In detail, the "vehicle history track information" interface displays the track of the vehicle at the current moment, and the vehicle history track data mainly comprises the position information, the time stamp, the speed, the direction and the like of the vehicle; the "vehicle state information" interface displays the state of the vehicle at the current time, and the vehicle state data mainly includes a vehicle ID, a vehicle speed, a current traveling direction of the vehicle, an acceleration of the vehicle, a steering angle, a vehicle type, a vehicle state, and the like.
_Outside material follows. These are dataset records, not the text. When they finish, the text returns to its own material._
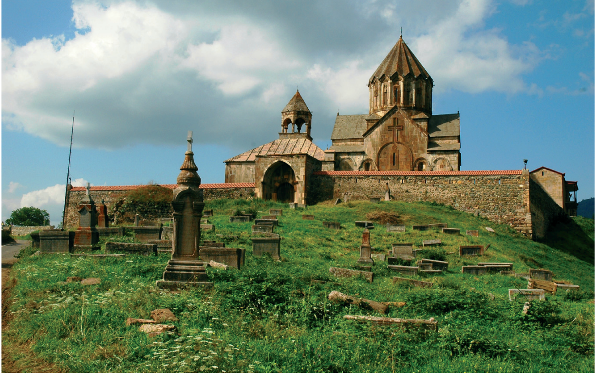
Նկ. 10 Գանձասարի վանք:
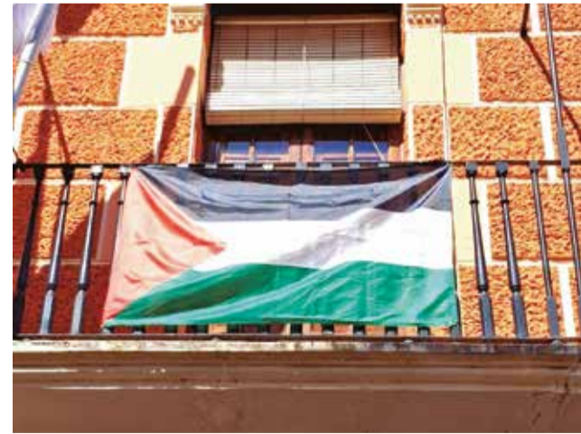
Bandera de Palestina al balcó de l'Ajuntament.

L'Ajuntament de Fortaleny ha fet públic un comunicat en què expressa la seua solidaritat amb el poble palestí davant el genocidi que està patint, amb desenes de milers de víctimes –moltes d'elles xiquets– i més d'un milió de persones desplaçades de les seues cases. El consistori ha destacat que, "com no podia ser d'altra manera", vol sumar-se a les veus que reclamen pau i justícia davant la greu situació humanitària que travessa Palestina. Com a gest simbòlic de suport, durant les pròximes setmanes es penjarà la bandera palestina al balcó de l'Ajuntament de Fortaleny, amb la voluntat de fer visible este compromís i sensibilitzar la ciutadania sobre la magni-
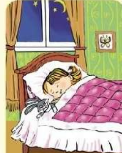
Сон — в 21.00 — 21.30.
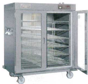
① 温蔵庫NB-600EGW 遠赤外線式ビーフェポット ニッセイ (ポリカーボネート扉) 3133200 ●別売リシートパン (660×455) サイズが12枚 収納出来ます。

料理を芯から温め、しかも乾燥やべたつきを抑え、作りたての美味しさを長時間保ちます。 遠赤外線温蔵庫は、お料理の乾燥を極力抑え、芯からやさしく保温します。 庫内の両サイドと下面に取り付けた遠赤外線パネルヒーターによって、温度ムラを少なくしました。
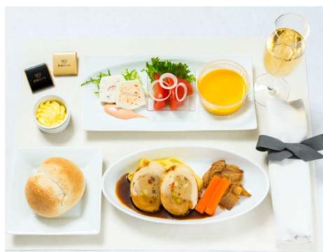
機内食 夕食 (イメージ)
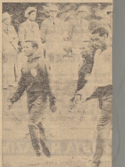
Sportivii etiopieni sînt printre cei mai maratonisți ai lumii. De la stînga dreapta: Dénissie Wolde, Mamo și dublul campion olimpic Bikila

La greutate, sud-africanul Botha (mulți ani cel mai bun de pe continent), a cedat înțietatea unui aruncător din Maroc, Akka (1,97 m și 120 kg), care a reușit 18,08 m. La disc și sulția cele mai bune performanțe sînt 54,45 m (Malan — Africa de Sud) și 71,52 m (Oyakhire—Nigeria). Atît la greutate cît și la disc, cea mai mare speranță este însă un tînăr de 18 ani cu un gabarit impresionant. Se numește Van Reenen, măsoară 2,02 m înălțime și cîntărește 116 kg.
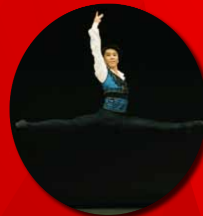
クラシックバレエ1部(成人の部)
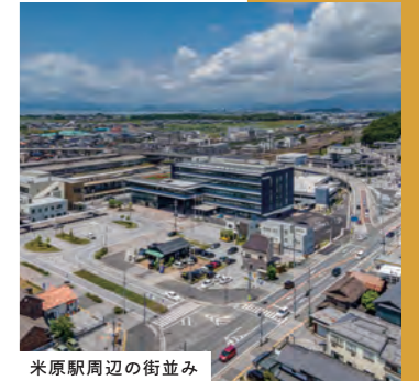
米原駅周辺の街並み
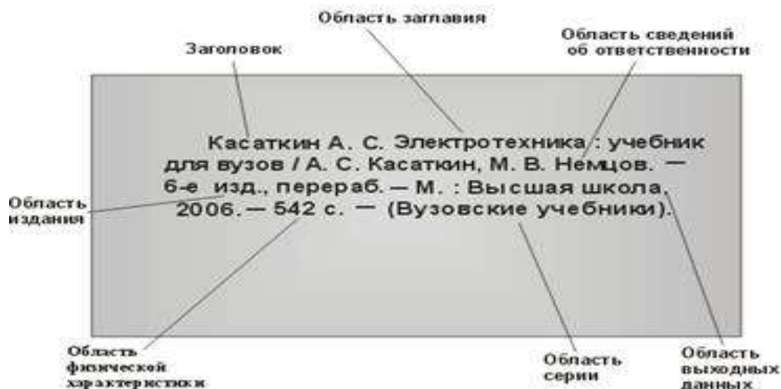
Рисунок 1 – Схема библиографического описания

Источник: Золотарева, В.И. Общие правила оформления библиографического списка и ссылок. Оформление реферата : метод. указания / В. И. Золотарева, И. П. Капочкина, И. П. Евсеева. – М. : МИФИ, 2007. – 25 с.
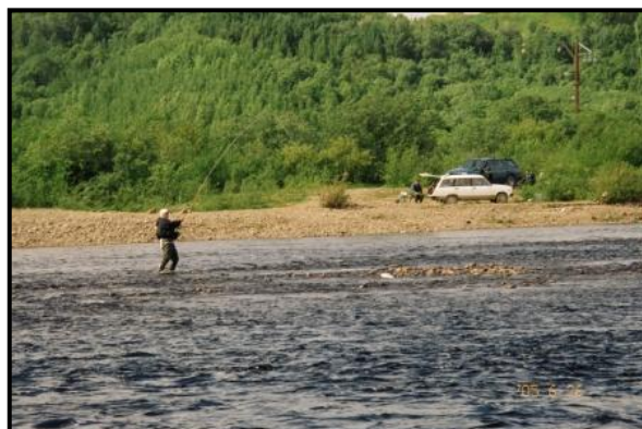
Нахлыстовики в Шонгуе. 26 июня 2005 г.
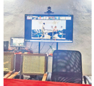
పరిపాలనా రైతువేదికల్లో ప్రయోగాత్మకంగా ఏర్పాటు చేసిన అధికారులు

అన్నదాతలకు 'వీడియో' సలహాలు రైతువేదికల్లో వీడియో కాన్ఫరెన్స్ కు ఏర్పాటు నేడు ప్రారంభించనున్న సీఎం రేవంత్ రెడ్డి గతంలో భీమవరపల్లి మండలంలో విజయవంతం హనుమకొండ సభల్లో, మార్చి 5 : వ్యవసాయ రంగంలో సాంకేతికతను అందించుకునేందుకు ప్రభుత్వం సరికొత్తగా ఆలోచిస్తున్నది. ఈమేరకు గత ప్రభుత్వ హయాంలో నిర్మించిన రైతువేదికల్ కేంద్రంగా వీడియో సలహాలు ఇవ్వాలని నిర్ణయించింది. ఈమేరకు వీడియో కాన్ఫరెన్స్ ద్వారా శాస్త్రవేత్తలు, వ్యవసాయ రంగ నిపుణుల సలహాలు, నూతన లతో పాటు పంట క్రైతంలో రైతులు ఎదురొచ్చే సమస్యలను నేరుగా తెలుసుకొని తగిన సూచనలు ఇచ్చేందుకు ఏర్పాటు చేస్తోంది. తొలి విడతగా నియోజవర్గానికి ఒక నెంబర్లను ఎంపిక చేశారు. వీటిని ఆన్లైన్ ద్వారా ప్రయోగాత్మకంగా ఆన్లైన్ సలహా కేంద్రాన్ని ఏర్పాటు చేస్తున్నారు. జిల్లాకు సంబంధించి హనుమకొండ మండలం పరిపాలనా క్షేత్రంలో నిర్మించిన రైతువేదికల్ ఆన్లైన్ ఏర్పాటు చేయగా మంగళవారం కలెక్టర్ సికాపట్నాయక్, అదనపు కలెక్టర్ రాధికాంబ పరీక్షించారు.

The "end-to-end prediction information" shows a driving control signal or a future track of the predicted autonomous vehicle at the present time based on the information input described above.
As shown in fig. 8, an exemplary view of an application scenario for an end-to-end autopilot trajectory planning system.
It should be understood at first that fig. 8 is presented by way of example only and is not intended to limit the scope of the present application.
Referring to fig. 8, taking the traffic scenario of the figure as an example, the driving control or future track of the own vehicle during driving is studied, the own vehicle collects various information including the historical track information of the vehicle, the vehicle state information, the multi-view image information of the vehicle, and the like, and then the own vehicle processes the information and transmits the information to the trained prediction model to output the driving control or future track of the vehicle. And finally, displaying all predicted display results on a central control screen of the automobile, displaying the real-time driving strategy of the automobile for a driver and providing related suggestions.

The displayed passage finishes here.